Since the then family planning campaign was conducted intensively across the country and was considered successful in changing people’s mindset from BANYAK ANAK BANYAK REJEK many children brings prosperity and DUA ANAK CUKUP two children is enough.

Various studies indicate that the program faced relatively small resistance as the massive campaign includes religious leaders to help convince people that family planning does not contradict religion.

As a result, the fertility rate decreased by more than 50 percent in 35 years. In 1989, president Soeharto received a UN award for Indonesia’s success in reducing population growth through a family planning program.

Nonetheless the success was not without problems. The family planning program during Soeharto’s era — and even today — was more developed to serve the macro political and economic interest that is population control rather than to serve women’s needs.

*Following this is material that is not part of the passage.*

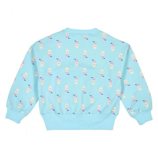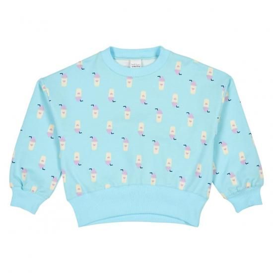 【裏起毛】スカイブルーの生地に、スラッシュアイスのドリンクプリントが散りばめられた長袖スウェット。動きやすさも考慮し、ストレッチのきいた生地を使用しています。華やかなカラーとプリントは、暗くなりがちな冬のコーディネイトをぱっと明るくしてくれます。
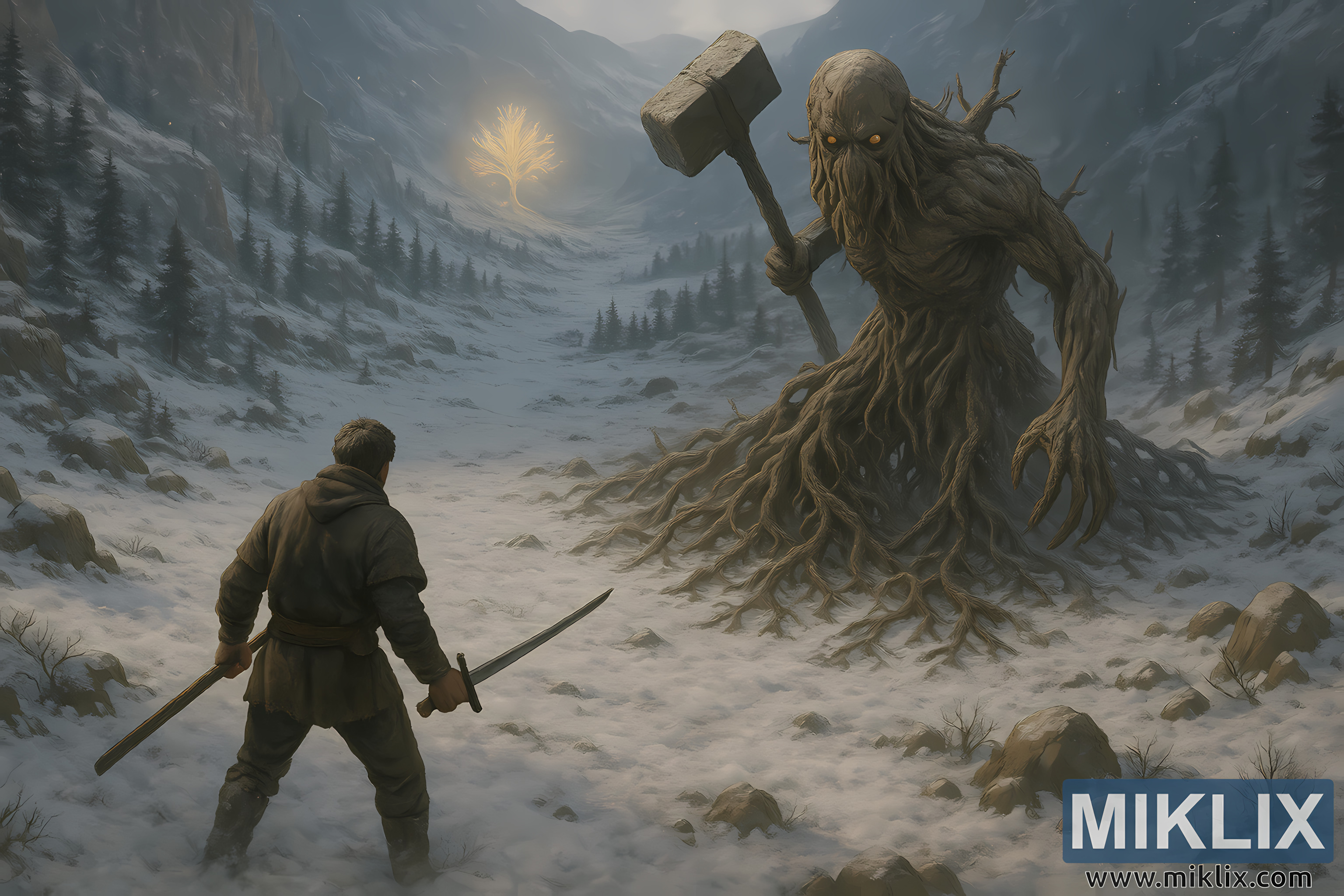 योद्धा के सामने एर्डट्री अवतार खड़ा है, जिसे अब ज़बरदस्त असलियत और मौजूदगी के साथ दिखाया गया है। यह जीव एक बहुत बड़ी जड़ से निकलता है जो बर्फीली ज़मीन पर पुराने पेड़ों की तरह फैली हुई है। इसका धड़ परतों वाली, छाल जैसी मांसपेशियों से बना है, जो सदियों की तेज़ हवा की वजह से खराब और फटी हुई है। इसके दोनों तरफ से दो भारी हाथ निकले हुए हैं, एक हाथ बर्फ पर घसीटता हुआ एक बड़ा हाथ है, जबकि दूसरा एक बहुत बड़ा पत्थर का हथौड़ा उठाए हुए है। हथौड़ा बहुत भारी लगता है—एक असली पत्थर का टुकड़ा जो एक मोटे लकड़ी के हैंडल से बंधा है, जिस पर बर्फ और मिट्टी जमी हुई है। अवतार का सिर एक गांठदार ठूंठ जैसा है, जिसमें लकड़ी और जड़ की लकीरों के नीचे चमकती हुई एम्बर-गोल्ड आँखें जल रही हैं। इसकी पीठ और कंधों से टहनियों जैसे उभार मुड़ते हैं, जिससे एक ऐसा सिल्हूट बनता है जो पेड़ और टाइटन दोनों का है।

While one of the goals of the family planning program is to reduce the high-maternal mortality rate, Indonesia’s rate remains the highest in the region despite the fact the program has been implemented nationally for decades.

In 2009, international agencies such as the UNFPA, UNESCAP, WHO and the UNDP confirm that there has been an increase of Indonesia’s maternal mortality rate from 307 in every 100,000 to 420 in every 100,000 births. On the other hand, the government denies this data and reveals that the maternal mortality rate decreases to 228 in every 100,000 births as stated in Indonesia’s MDGs report in 2009.

Whatever the rate, maternal death is a human tragedy that should be avoided. The high maternal mortality rate mirrors a failure in addressing women’s needs in development.

While ensuring women’s access to contraceptive methods is important, it is no less important to develop a family planning program within the framework of women’s empowerment.

Family planning should enable women to have greater control of their reproductive capacity and save them from unnecessary maternal deaths.